Melalui kolaborasi ini, diharapkan akan terbangun ekosistem penelitian yang saling menguntungkan antara universitas dan pihak pengelola. Ini merupakan langkah penting dalam menciptakan lingkungan yang kondusif bagi inovasi dan pendidikan di tingkat tinggi.

Beragam kegiatan penelitian yang akan dilaksanakan di Ethnobotanical Garden diharapkan dapat menghasilkan temuan baru. Temuan ini tidak hanya berpotensi meningkatkan kualitas ilmu pengetahuan, tetapi juga dapat memberikan wawasan tentang pemanfaatan sumber daya alam yang lebih baik.

Manfaat bagi Komunitas dan Pembangunan Nasional

Riset yang dihasilkan dari taman ini akan berkontribusi langsung pada pengembangan modul edukasi yang dapat diakses oleh masyarakat dan pelajar.
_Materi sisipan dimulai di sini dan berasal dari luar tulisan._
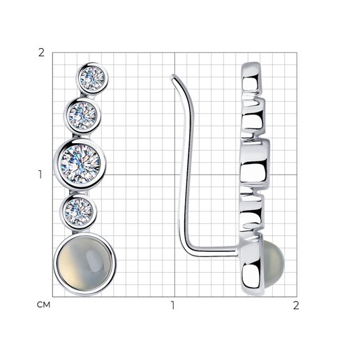 Серьги-эльфы из серебра с лунными камнями и фианитами
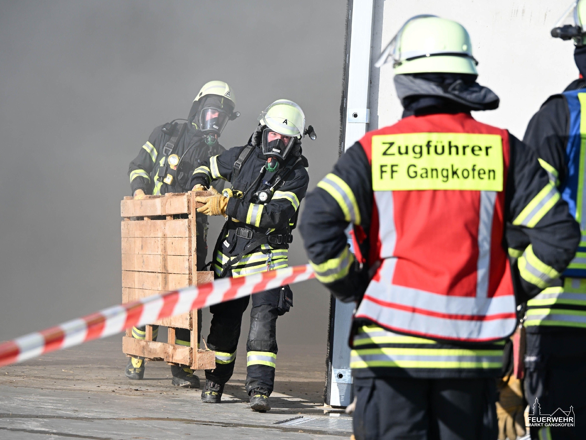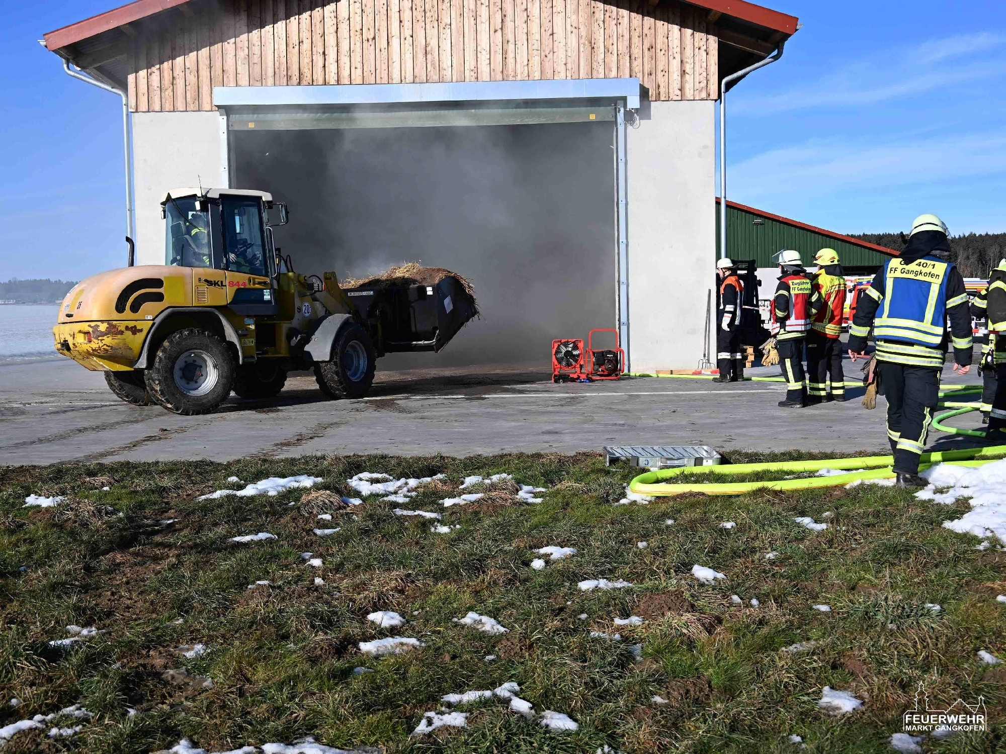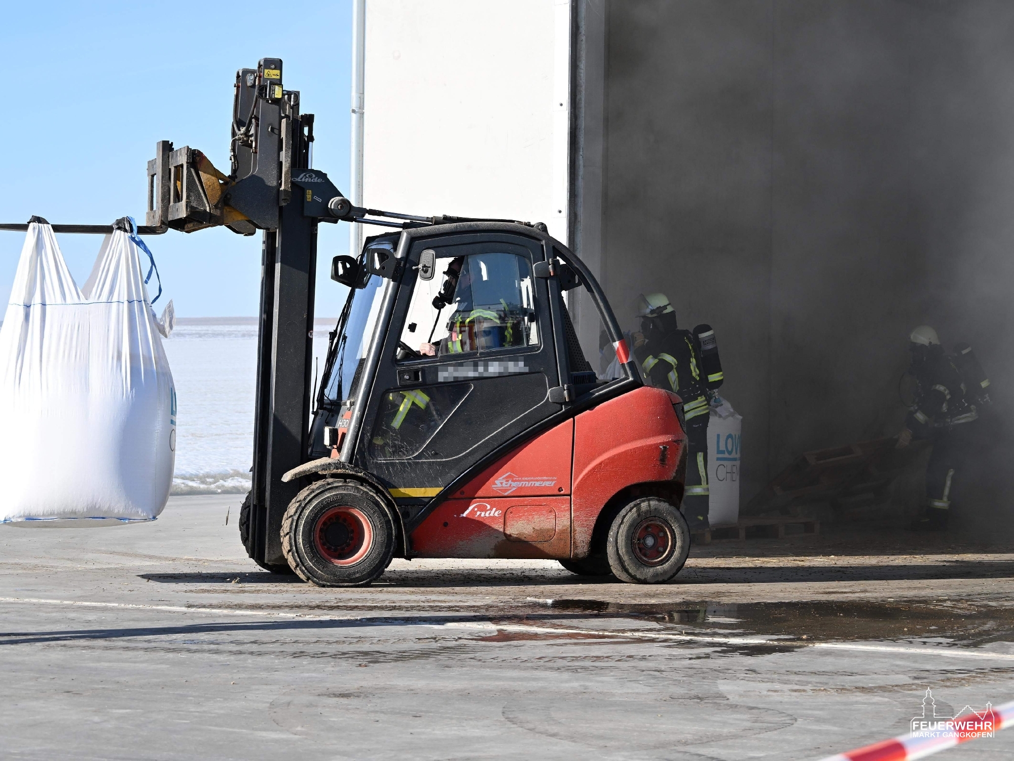 Um ein vollständiges Ablöschen zu ermöglichen, wurde die komplette Halle mit einem Radlader ausgeräumt und das Brandgut ins Freie verbracht, wo es gezielt abgelöscht werden konnte.
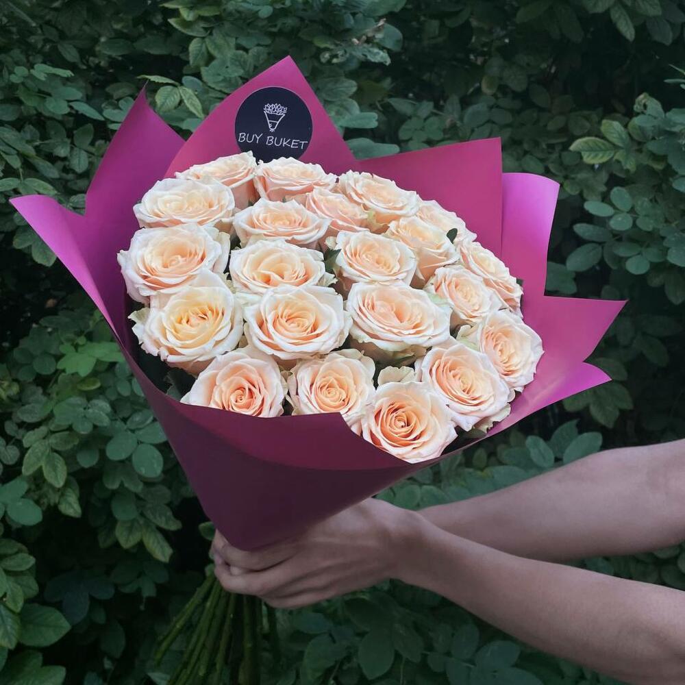 Лента атласная – 1 шт.Упаковка дизайнерская – 2 шт.Кремовая роза – 21 шт.
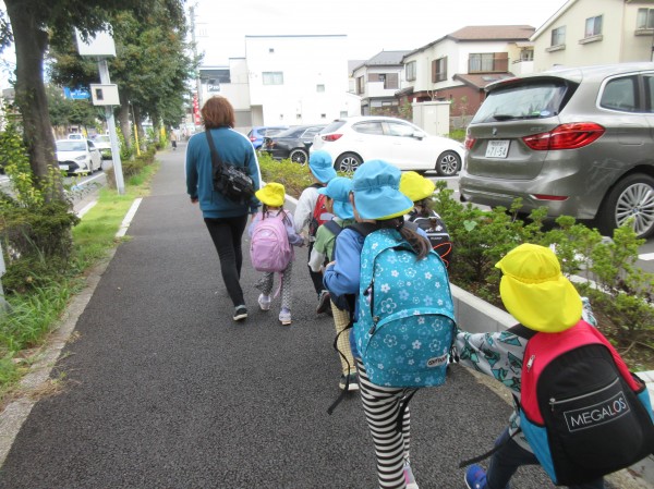 10月、片道約50分程歩いて、4歳児きりん組と5歳児ぞう組の子ども達が「行田公園」へ行ってきました。
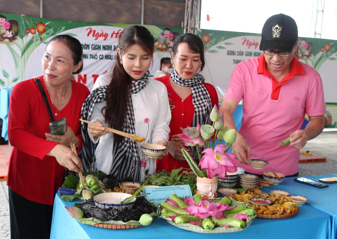 Trước đó, có 30 đội đến từ Hội Phụ nữ các huyện, TP Cà Mau và các xã, phường trên địa bàn thành phố, cùng nghệ nhân các tỉnh đã trình diễn làm bánh dân gian Nam Bộ với những món bánh dân dã, độc đáo từ những nguyên liệu thuần thiên nhiên. Theo đó, mỗi đội thi gồm 5 thành viên phối hợp nhịp nhàng, làm ra những chiếc bánh dân gian như: bánh quy, bánh bò, bánh ít, khoai mì sợi… gợi lên ký ức miền quê nồng hậu, bình yên.
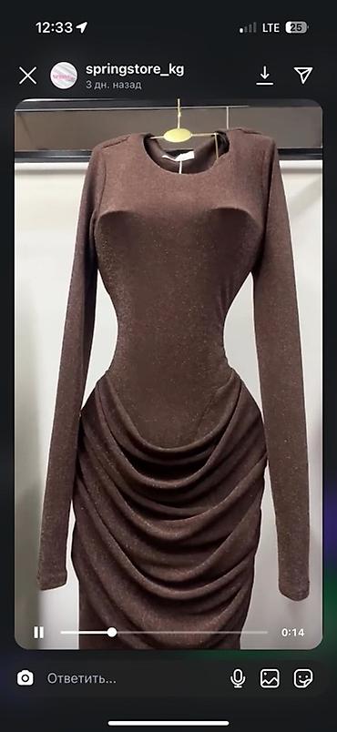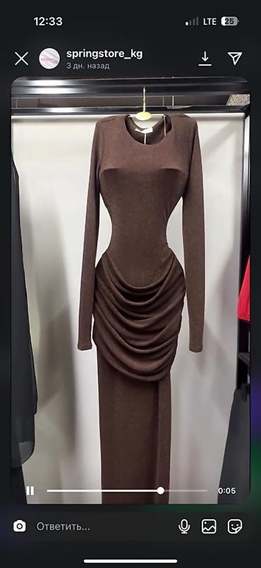Платье вечернее, облегающее, макси длины в шоколадно-коричневом цвете с лёгким мерцанием.
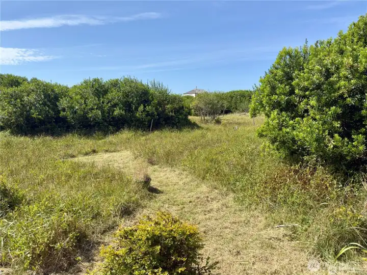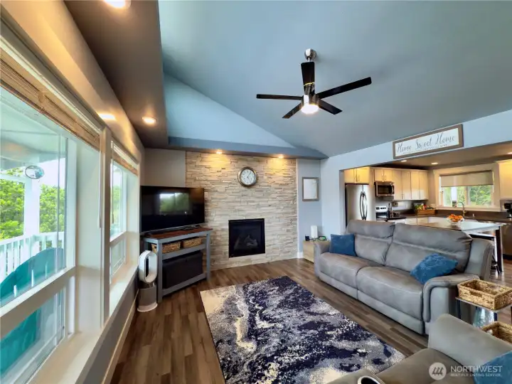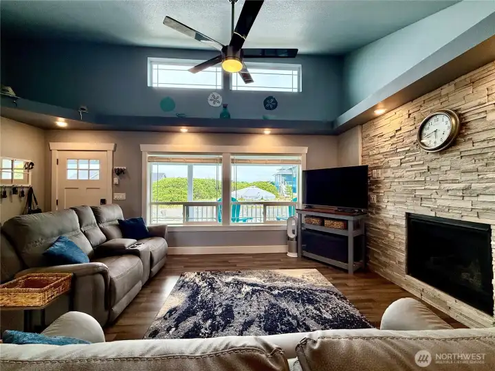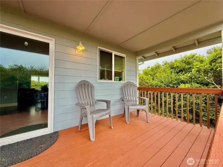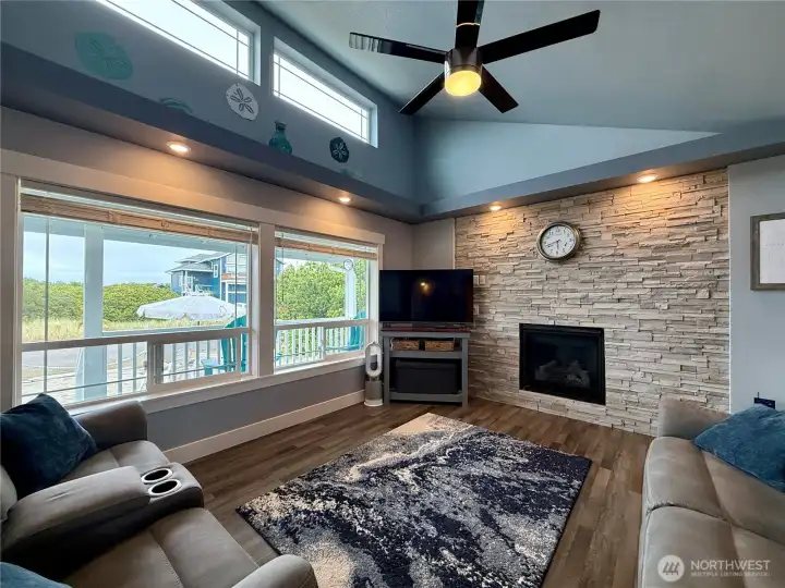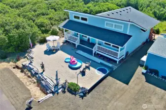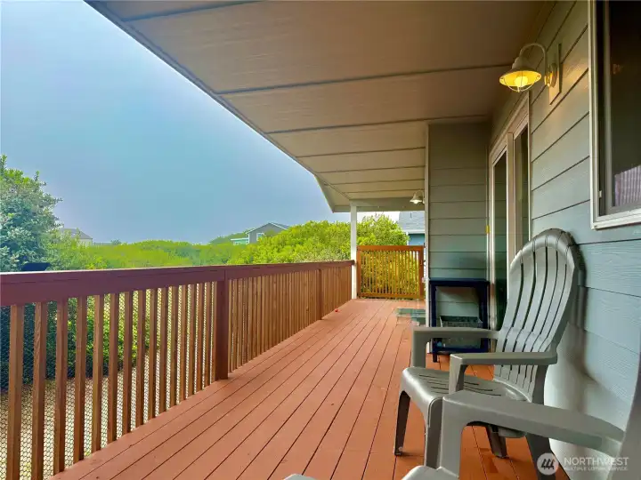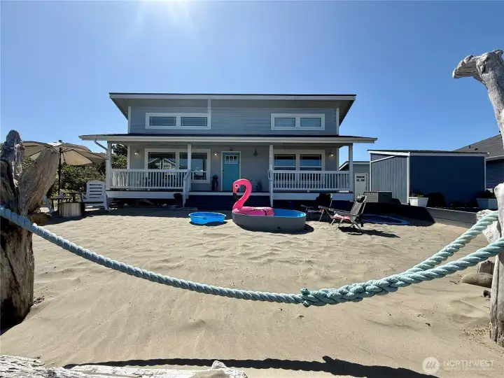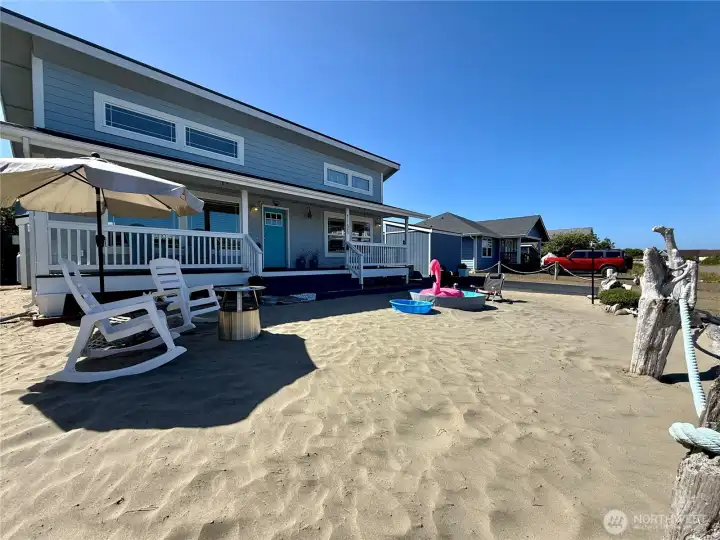 Beautifully maintained home on nearly 15,000 sq ft of land, nestled in a peaceful, walkable neighborhood just a short stroll to beach. Front yard is truly one-of-a-kind; filled w/soft beach sand creating a private, playful retreat when combined w/the adjoining parcel. Enjoy year-round living on full-length covered decks in the front & back, perfect for morning coffee or sunset relaxation. Back deck overlooks a natural buffer, w/direct access to quaint trails through the adjoining parcel—ideal for a play fort, added privacy, or future expansion. Inside, quality finishes, including quartz countertops, SS appliances, smart W/D, propane stone fireplace, LVP & tile flooring. Two storage sheds offer ample space for beach toys!
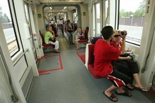 The Coons were among thousands of families taking advantage of the "food for fare" offer to benefit the Utah Food Bank on Wednesday and who are looking forward to the permanent opening Sunday of the new Mid-Jordan and West Valley City extensions that will nearly double the TRAX system.
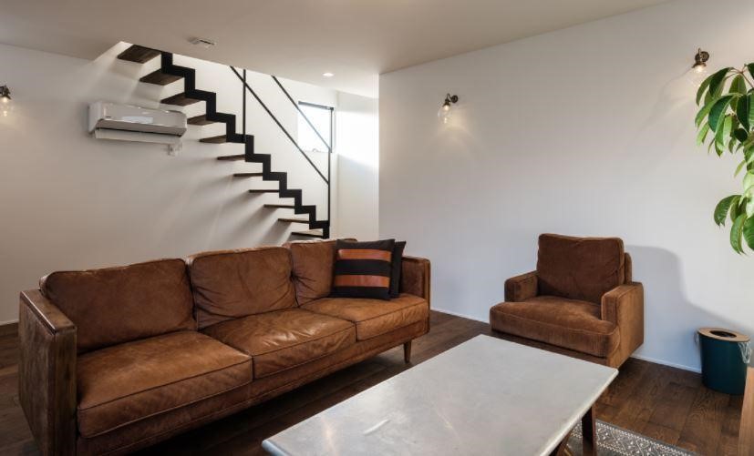 Quay lại phối cảnh được chụp tại phòng khách, nhưng bạn có thể nhận thấy cầu thang nằm cạnh bộ sofa là đường để hướng lên phần gác lửng phía trên là 2 phòng ngủ liền kề và 1 nhà vệ sinh. Chia đều không gian ra 2 mảng riêng biệt với phần bên trên là không gian nghỉ ngơi và phía dưới là nơi sinh hoạt tập thể như phòng khách, nhà bếp, nhà vệ sinh…vv.
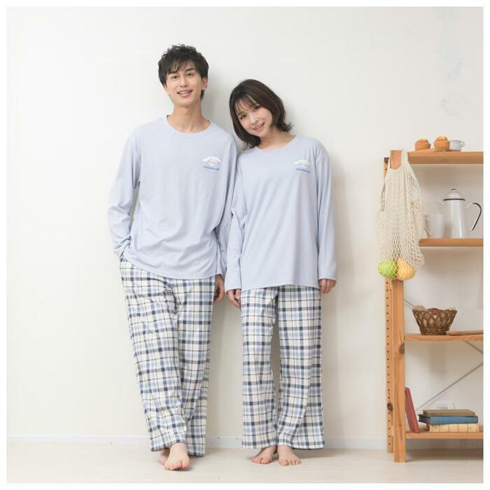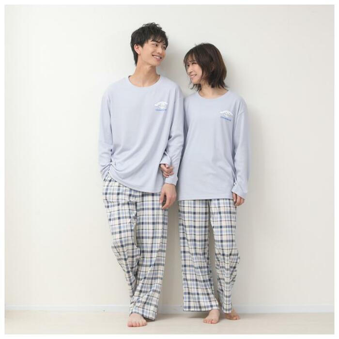 シナモロールとみるくのPOPなプリントがかわいいルームウェア。後ろ姿も可愛いプルオーバータイプで、チェックのボトムスに両サイドポケット付き。お揃いで着ていただける男女兼用での展開となています。
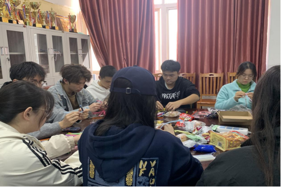 活动开始前,工作人员已提前布置好场地,营造温馨舒适的创作氛围,现场整齐摆放着各色扭扭棒、胶水、剪刀等手工材料及贴心准备的小零食与饮用水。同学们凭签到表有序签到入场,自由选取座位,领取个性化材料包,在舒缓的轻音乐中静待活动开启。
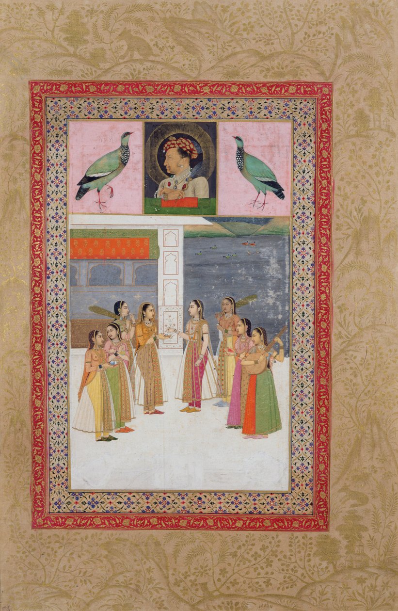 Ms E-14 Portret van Djahangir (1569-1627) twee vogels en edele vrouwen in gesprek(Ms E-14 Portrait of Djahangir (1569-1627) two birds and noble women in conversation )Indian School |
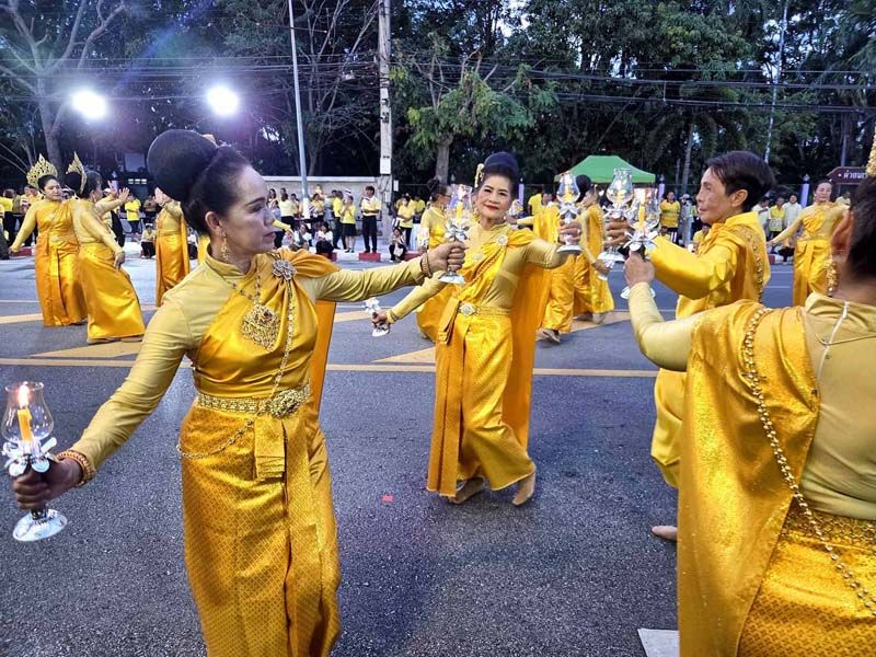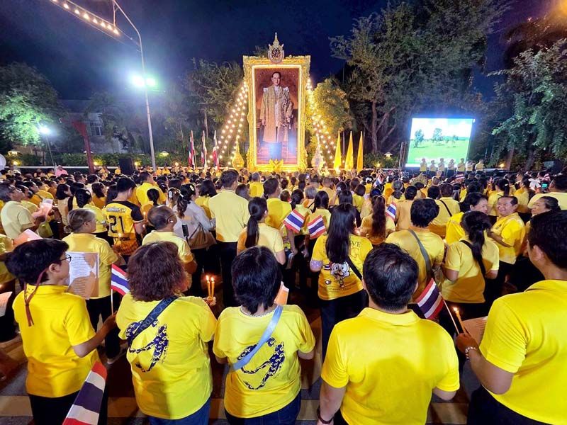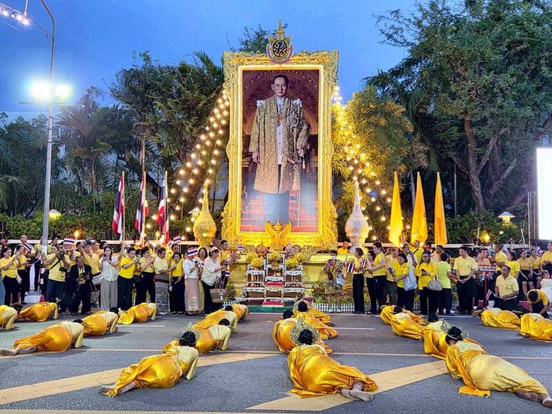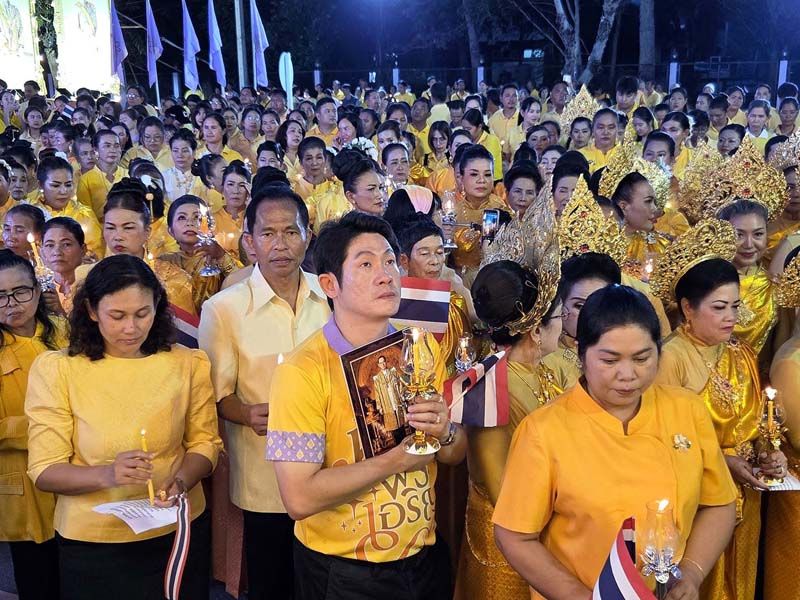 นางรำนับร้อยชีวิต รำเทียนน้อมรำลึก “ในหลวง ร.9” หน้าวังไกลกังวล ในวันนวมินทรมหาราช

Edukasi ini penting untuk meningkatkan kesadaran dan pengetahuan tentang pentingnya konservasi tanaman dan lingkungan.

Dari keterlibatan dosen, peneliti, dan mahasiswa dalam kegiatan penelitian, peningkatan kapasitas sumber daya manusia diharapkan dapat terwujud. Dengan demikian, kemitraan ini tidak hanya akan memperkuat sektor pendidikan, tetapi juga mendorong pembangunan komunitas berkelanjutan.

Inovasi dalam pemanfaatan tanaman obat dan tanaman budaya dapat membuka peluang baru dalam menciptakan lapangan kerja lokal. Hal ini menjadi sinergi positif antara aspek ekonomi dan upaya pelestarian lingkungan, yang sangat diperlukan dalam era modern ini.